I've read the editorial several times, and it still isn't clear to me how or why the Projo writers avoided mentioning the problem of liability insurance for primary-care doctors.
Shortly after I moved to Tiverton and found a nice local doctor to visit, he packed up and left the state for sunnier climes. My understanding is that the cost of insurance and the threat of being sued in Rhode Island were motivating factors. (It worked out, though, because it got me on the list of the practice's senior doctor, who hadn't been accepting patients when I inquired.)
Primary-care physicians seem to mirror a small-business model more than specialists do. People will travel farther for specialists, and their work is more likely to come to them via the referrals of other professionals. I'm sure there are other distinctions (such as the closeness of relationships with hospitals), but I don't want to delve too deeply into guesswork. The point is that, as our society considers healthcare policy, we ought to think of primary-care providers in the same way that we think of other self-employed professionals.
Market and deregulatory incentives can encourage the occupation without bureaucracies meddling, as the Projo winds up suggesting:
Alan Sager, a health-policy expert at the Boston University School of Public Health, has suggested paying primary-care doctors $250,000 a year to work under a capitation system. The doctors would be earning considerably more than they do now. And because they would treat a set number of patients at a fixed yearly cost, adjusted for medical risks, the doctors would have no financial reason to offer more care than necessary.

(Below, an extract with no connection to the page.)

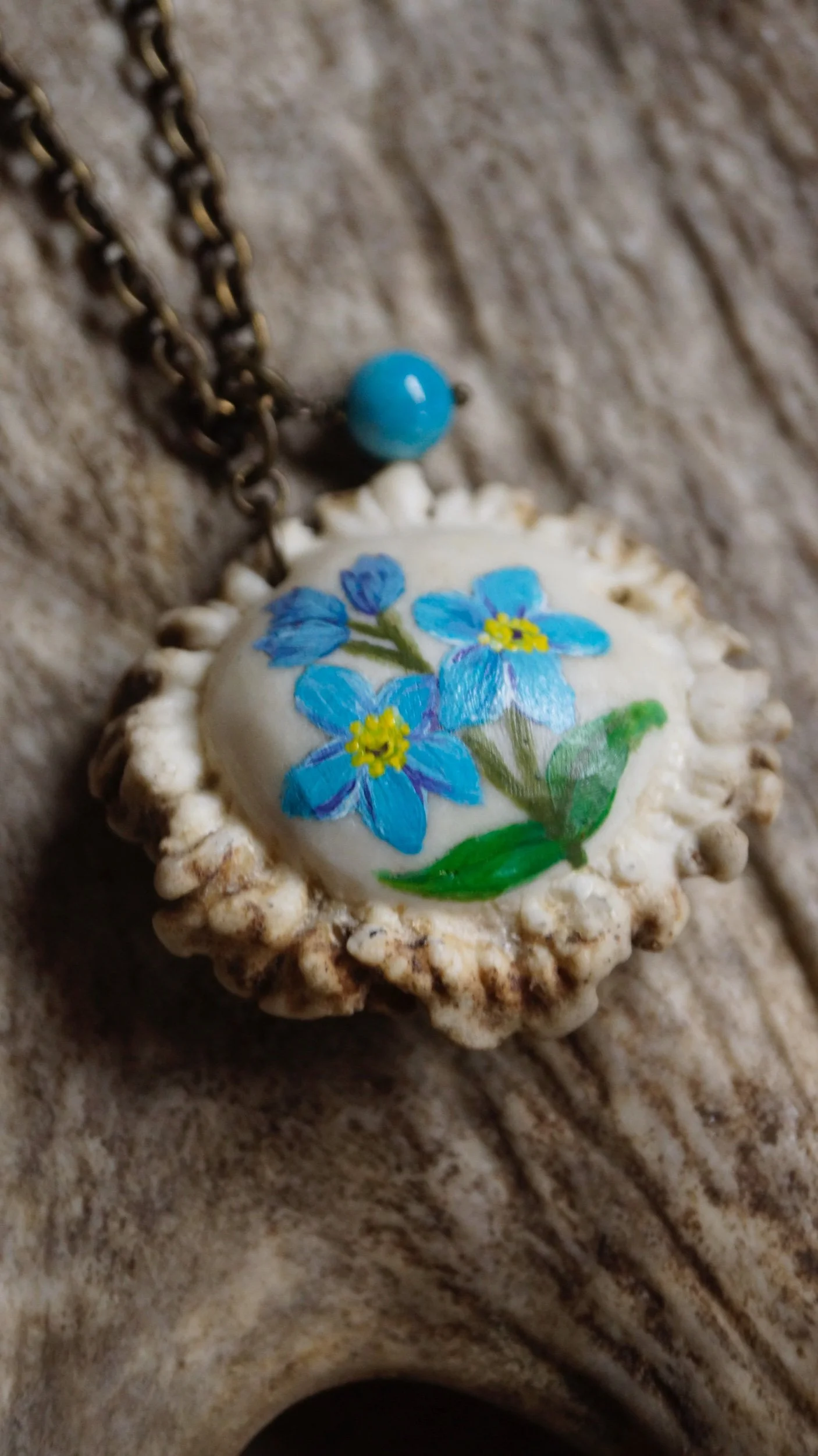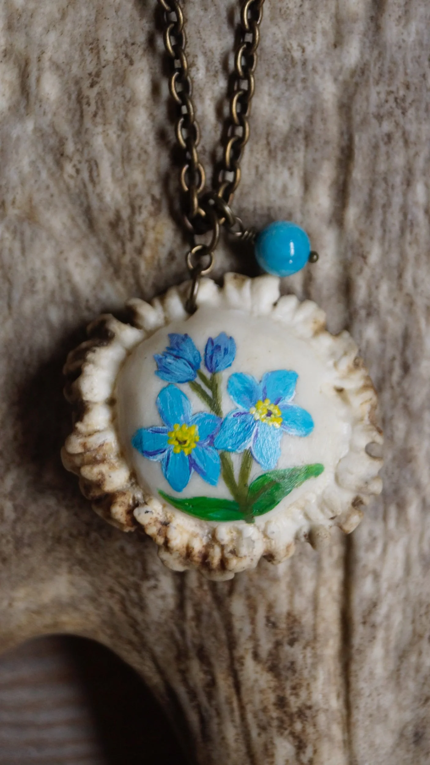 Shop Antler Jewelry › Forget Me Not Antler Burr Pendant Image 1 of 3 Image 2 of 3 Image 3 of 3 Forget Me Not Antler Burr Pendant CA$55.00 This hand painted Antler Burr is on a 24in chain! The burr measures 1.5in and is accented with an Apatite bead! Add To Cart Added! This hand painted Antler Burr is on a 24in chain! The burr measures 1.5in and is accented with an Apatite bead!

Question number one is who will set and process the numbers of patients and income? By default, it would have to be the government, which means that doctors will no longer work for themselves, but for the folks who can give them raises and who can cut their pay or increase their work burden. I'd worry about the sorts of practitioners such an arrangement would attract, as well as the institutional focus that would shift to lobbying the authorities for more.
Question number two is what would provide incentive given the rigid quota and salary deal for doctors to resist the human urge to do as little as possible? If the five patients whom I have to see in an afternoon (hypothetically) don't pay me and their return is not really my problem, I might just take the opportunity of a sunny day like today to rush through my itinerary and get out of the office. (Of course, for a reality check, I get to be outside all day anyway... digging post holes and mixing concrete.)
As I said, the editors don't provide the "who," but what they propose amounts to another increment of socialization, and in that respect, it provides another instance of the plain inadvisability of such a system.
Justin,
If we are to be consistent in our logic, then just as the money should follow the child when it comes to education, so too should it follow the patient in a single payer health care system. For example, each individual could get a health condition adjusted voucher to cover the annual cost of a relationship with a GP. Unlike a capitation based system, GPs would then see patients as clients. If you want to see what the result might look like you need look no further than eye care or dental care, which are much closer to this model than the world of MDs (opthalmologists excepted). The best performing dentists and eye care providers have figured out how to maximize revenue by improving both their offering to patients (e.g., use of email, extended hours) and their systems and processes for delivering it (e.g., better use of technology, more highly trained hygenists, etc.). You are also beginning to see the same change underway in the UK, Canada and Australia on the health care side.
So let's not get too negative too quickly about what reform may bring...
Posted by: John at June 17, 2009 2:43 PMPicking up on the eye care angle, visit the piece below that shows the 15 year history of the cost of LASIK surgery. Without any government beaurocrats, the cost of LASIK surgery is flat!!!!! Also, the procedure has improved and the professional service is spectacular. The entire cost is paid by the patient making it similar to other economic models that exist in the world of competition and free market principles. Why not follow Justin's advice and insert some free market principles into our healthcare system before we have government boards set prices ?
( http://images.google.com/imgres?imgurl=http://s.wsj.net/public/resources/images/ED-AE048_3lasik_20060309201822.gif&imgrefurl=http://online.wsj.com/article/SB114195744716494410.html&usg=__42AN7J15tacfJVDdpFEJCLy5kuQ=&h=244&w=329&sz=9&hl=en&start=17&tbnid=PO8_ToQQL1Gp4M:&tbnh=88&tbnw=119&prev=/images%3Fq%3Dlasik%2Bsurgery%2Bwsj%26gbv%3D2%26hl%3Den )
Posted by: SeanO at June 17, 2009 3:49 PM"Who will set and process the numbers of patients and income?"
I realize that you view everything through rose colored glasses (easier to spot the socialism!), but capitation isn't new. The answer to your question is the payers will, as they do now.
Posted by: Russ at June 17, 2009 5:09 PMJustin -
2 things.
1. specialists are more often sued for medical negligence than primary care physicians and common sense tells you why.
2. the Fall 2005 issue of Regulation, a publication of the CATO Institute, featured an article by Dartmouth economist Katherine Baicker and Harvard economist Amitabh Chandra which found no evidence linking INCREASES in medical malpractice insurance premiums to medical malpractice lawsuits.
Rather, they found that
“other factors (such as the underwriting cycle, competitiveness in insurance markets, or insurer losses on other investments) play a larger role in driving changes in premiums than malpractice payments.”